Exact copies of all the lines below are required, with the pictures omitted.
═════ The records ═════
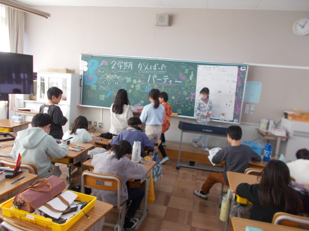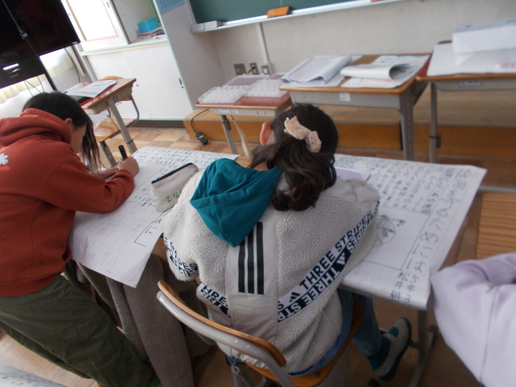 2学期の終業式まであと2日となったこの日は、学級独自で時間割が組める最後の日です。通常通りの授業のみならず、「お楽しみ会」といった児童が立案したり進行したりする子ども主導の時間にしたり、普段はできない机や椅子の脚の裏や細かな隙間を掃除をしている学級など様々でした。もうすぐ冬休みという空気が漂い、ゴールが見えたことへの期待感を感じる各学級の雰囲気でした。そんな中、5年生だけは、各学級同時にフローティングスクールのまとめとして、新聞作りに精を出していました。先週の水曜・木曜と「うみのこ」に乗っていた児童にとっては、冬休みが始まるまでにフローティングスクールという貴重な体験をまとめておきたいと考えての時間設定です。それぞれが素敵な新聞の記事を書いていました。各学級・学年、貴重な時間として終業式前日を過ごしました。
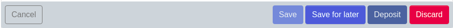 Back -> Cancel -> Submit/Edit/Save/Save for later/Deposit -> Discard/Delete/Remove
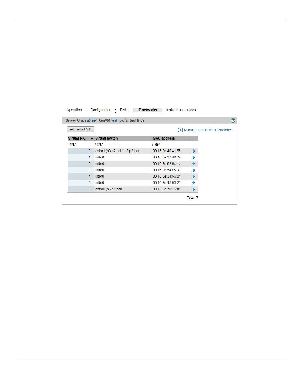 The IP networks tab displays the configured virtual NICs of the XenVM. You can add or
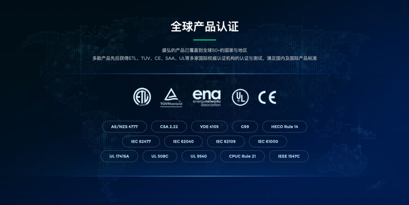 為滿足不同國家地區(qū)的安全標(biāo)準(zhǔn),盛弘30-1000kW全功率范圍儲能變流器產(chǎn)品均已通過第三方認(rèn)證機(jī)構(gòu)認(rèn)證。根據(jù)中國、英國、德國、澳洲和美國電網(wǎng)安全規(guī)范標(biāo)準(zhǔn)進(jìn)行的測試和認(rèn)證,并在美國加州和夏威夷州電網(wǎng)公司、澳洲清潔能源協(xié)會CEC及英國能源網(wǎng)絡(luò)協(xié)會ENA上進(jìn)行列名,滿足智能逆變器對電網(wǎng)的高級支撐能力。50~250kW系列模塊化儲能變流器成為全球首款同時(shí)滿足UL、CPUC 和HECO相應(yīng)規(guī)范的大型并網(wǎng)逆變器,并能同時(shí)滿足并網(wǎng)和離網(wǎng)的應(yīng)用需求。此外,盛弘股份儲能實(shí)驗(yàn)室也同時(shí)成為Intertek和TUV萊茵所認(rèn)可的試驗(yàn)室。
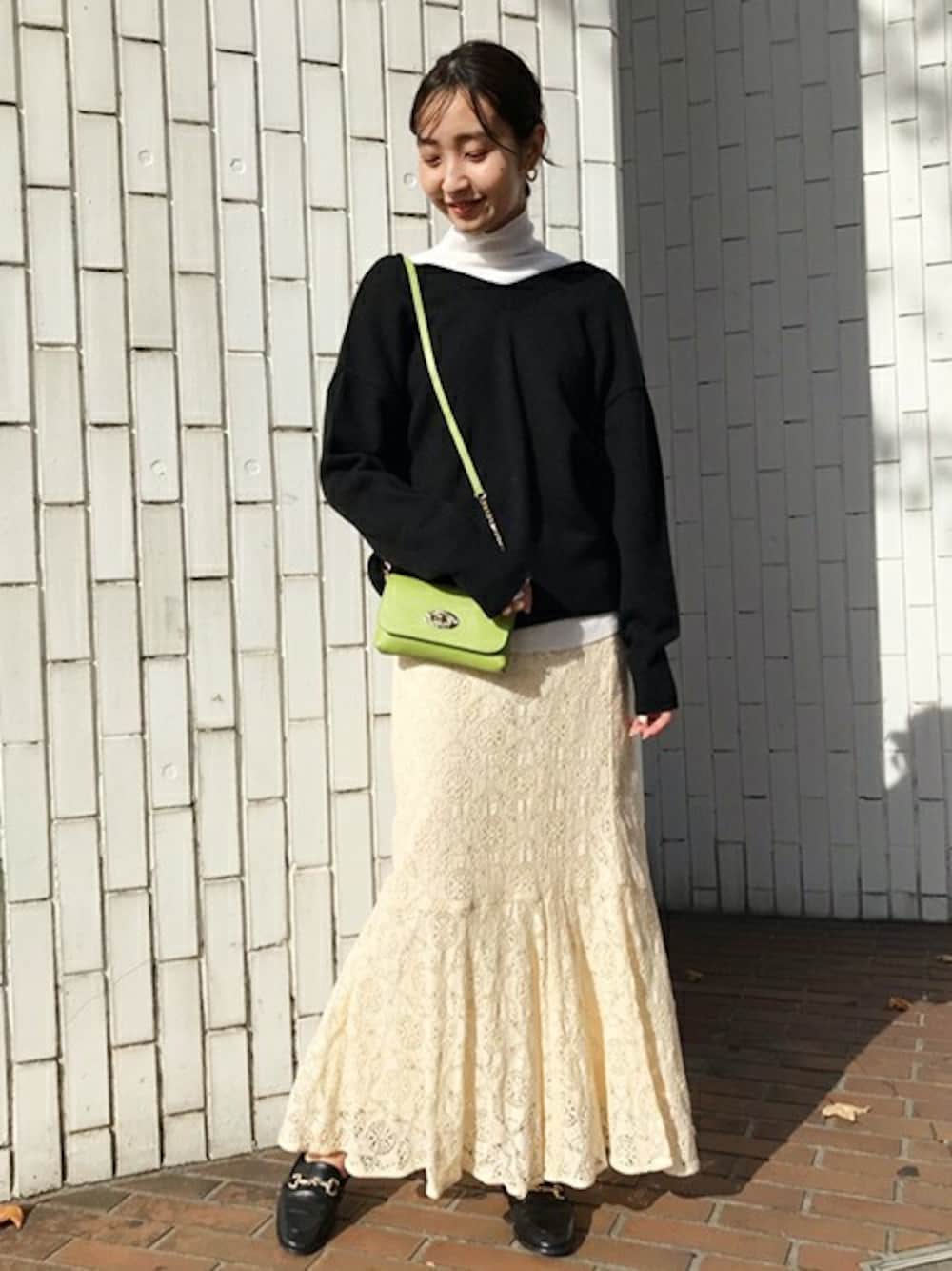 レースのマーメイドスカートは甘くならないようにモノトーンでまとめてみました。 色味がシンプルな分素材感でメリハリを! グリーンのバッグを差し色に!
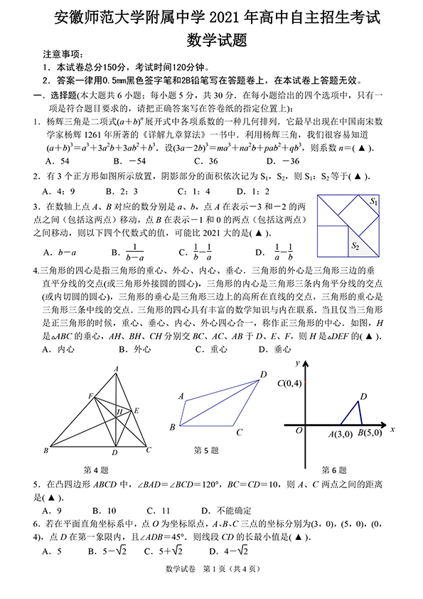 安徽师范大学附属中学2021年高中自主招生考试数学试题、答题卷、参考答案
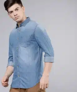 This denim shirt is easy to maintain and retains its shape and color even after multiple washes. The sturdy fabric resists wear and tear, ensuring long-lasting use. Whether you’re looking for an everyday casual staple or a stylish layering piece, the Men’s Slim Fit Blue Faded Denim Shirt is the perfect addition to your wardrobe, offering a timeless and effortlessly cool vibe.
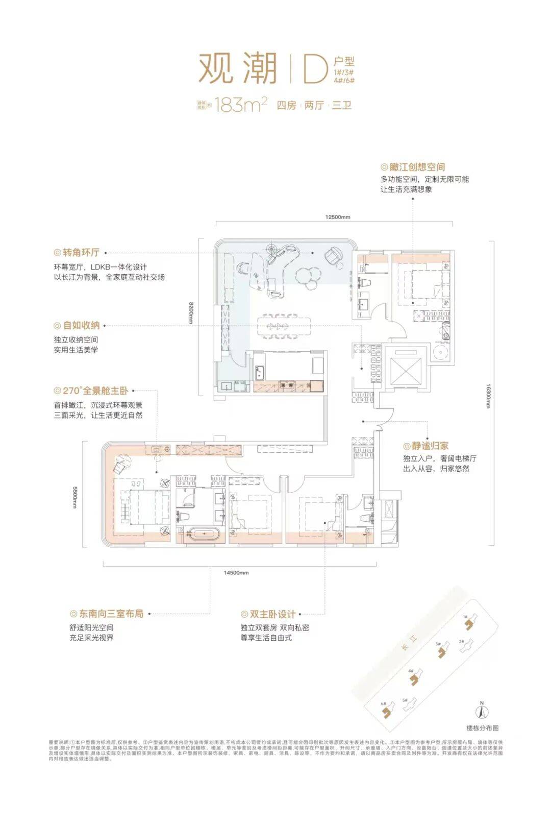 183㎡的户型能够与武昌滨江在售某豪宅230㎡的户型媲美,都是客厅和一个卧室朝北,都是为了更好的看江效果。
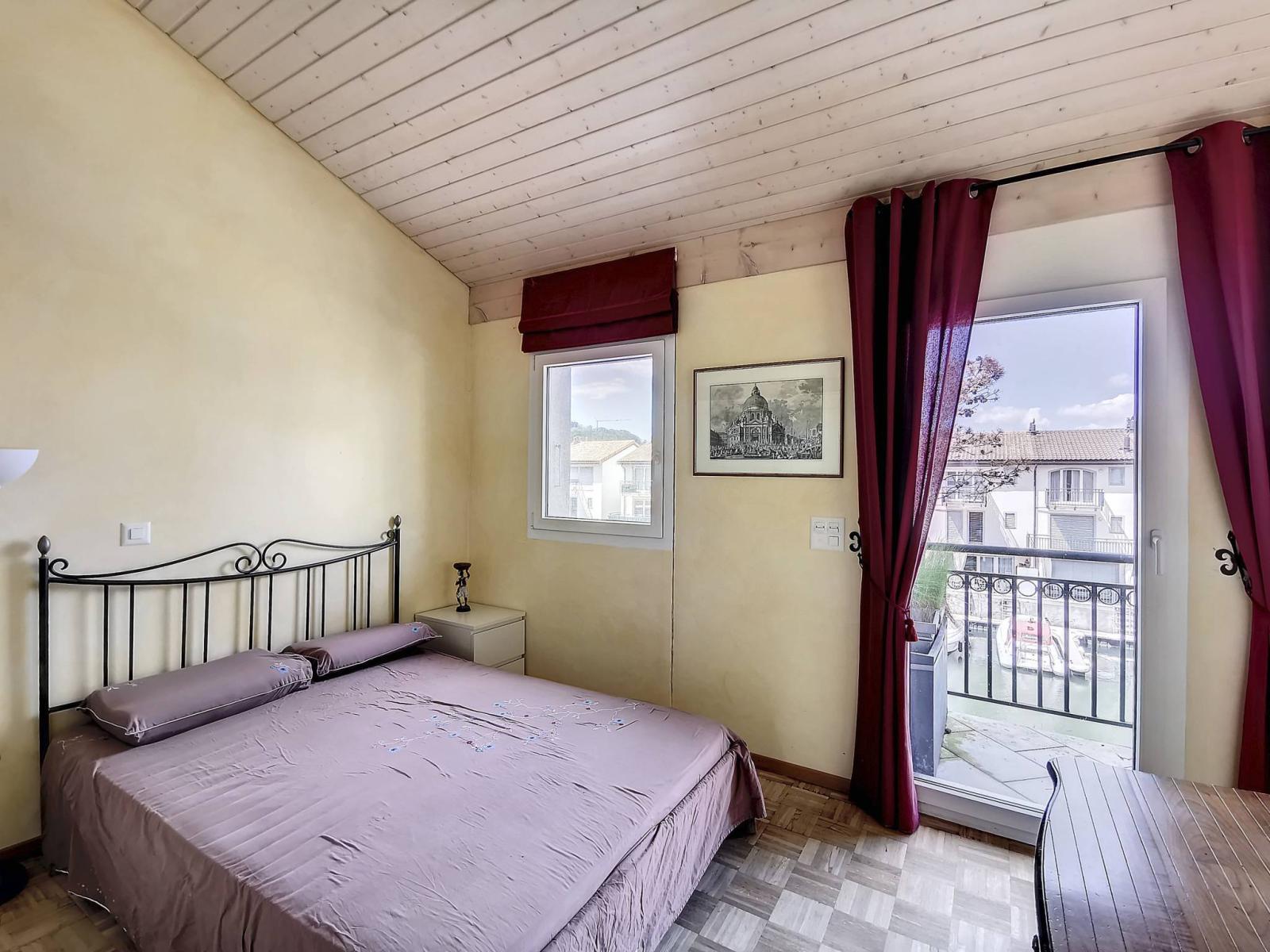 - A bedroom with its balcony;
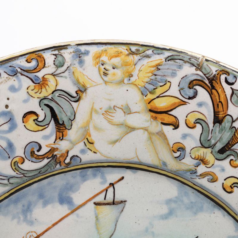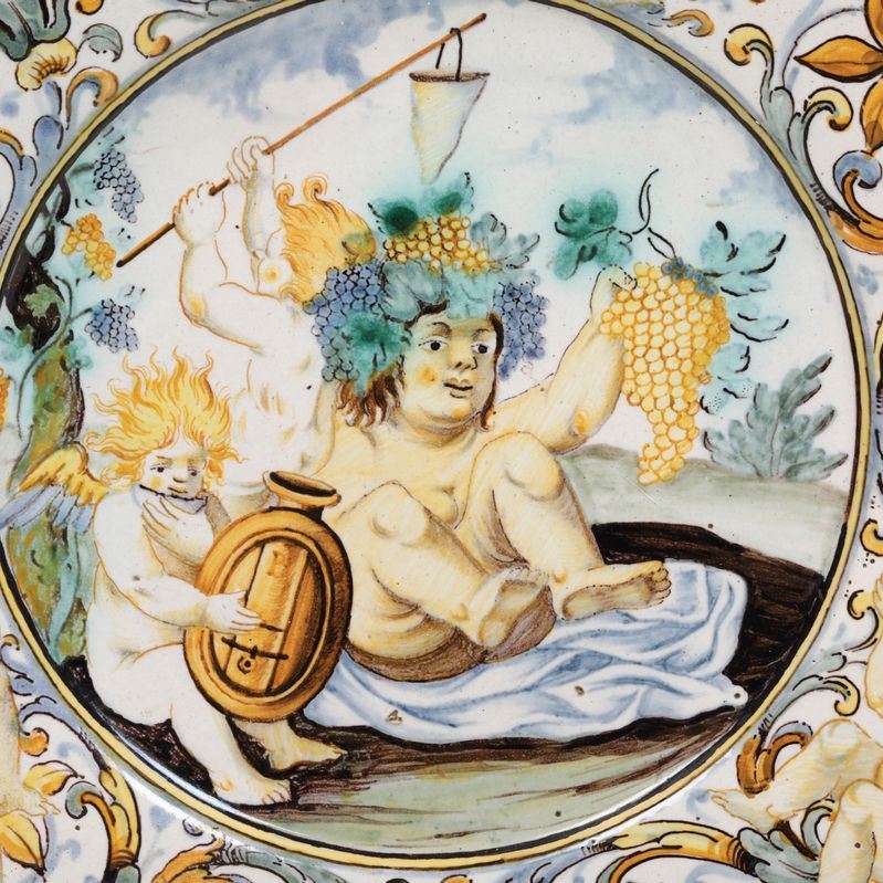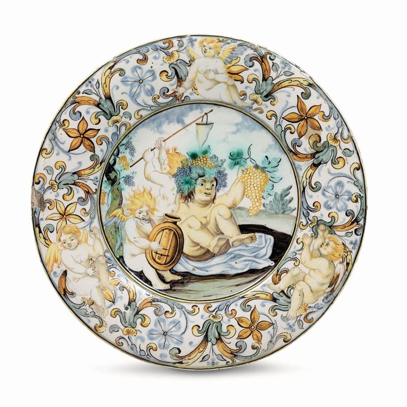 Il piatto raffigura Bacco bambino con in mano e sul capo grappoli d’uva con pampini, accompagnato da due putti. Sulla tesa girali con fiori e tre putti alati
═════
_Solution to the problem:_
 2学期の終業式まであと2日となったこの日は、学級独自で時間割が組める最後の日です。通常通りの授業のみならず、「お楽しみ会」といった児童が立案したり進行したりする子ども主導の時間にしたり、普段はできない机や椅子の脚の裏や細かな隙間を掃除をしている学級など様々でした。もうすぐ冬休みという空気が漂い、ゴールが見えたことへの期待感を感じる各学級の雰囲気でした。そんな中、5年生だけは、各学級同時にフローティングスクールのまとめとして、新聞作りに精を出していました。先週の水曜・木曜と「うみのこ」に乗っていた児童にとっては、冬休みが始まるまでにフローティングスクールという貴重な体験をまとめておきたいと考えての時間設定です。それぞれが素敵な新聞の記事を書いていました。各学級・学年、貴重な時間として終業式前日を過ごしました。
 Back -> Cancel -> Submit/Edit/Save/Save for later/Deposit -> Discard/Delete/Remove
 The IP networks tab displays the configured virtual NICs of the XenVM. You can add or
 為滿足不同國家地區(qū)的安全標(biāo)準(zhǔn),盛弘30-1000kW全功率范圍儲能變流器產(chǎn)品均已通過第三方認(rèn)證機(jī)構(gòu)認(rèn)證。根據(jù)中國、英國、德國、澳洲和美國電網(wǎng)安全規(guī)范標(biāo)準(zhǔn)進(jìn)行的測試和認(rèn)證,并在美國加州和夏威夷州電網(wǎng)公司、澳洲清潔能源協(xié)會CEC及英國能源網(wǎng)絡(luò)協(xié)會ENA上進(jìn)行列名,滿足智能逆變器對電網(wǎng)的高級支撐能力。50~250kW系列模塊化儲能變流器成為全球首款同時(shí)滿足UL、CPUC 和HECO相應(yīng)規(guī)范的大型并網(wǎng)逆變器,并能同時(shí)滿足并網(wǎng)和離網(wǎng)的應(yīng)用需求。此外,盛弘股份儲能實(shí)驗(yàn)室也同時(shí)成為Intertek和TUV萊茵所認(rèn)可的試驗(yàn)室。
 レースのマーメイドスカートは甘くならないようにモノトーンでまとめてみました。 色味がシンプルな分素材感でメリハリを! グリーンのバッグを差し色に!
 安徽师范大学附属中学2021年高中自主招生考试数学试题、答题卷、参考答案
 This denim shirt is easy to maintain and retains its shape and color even after multiple washes. The sturdy fabric resists wear and tear, ensuring long-lasting use. Whether you’re looking for an everyday casual staple or a stylish layering piece, the Men’s Slim Fit Blue Faded Denim Shirt is the perfect addition to your wardrobe, offering a timeless and effortlessly cool vibe.
 183㎡的户型能够与武昌滨江在售某豪宅230㎡的户型媲美,都是客厅和一个卧室朝北,都是为了更好的看江效果。
 - A bedroom with its balcony;
 Il piatto raffigura Bacco bambino con in mano e sul capo grappoli d’uva con pampini, accompagnato da due putti. Sulla tesa girali con fiori e tre putti alati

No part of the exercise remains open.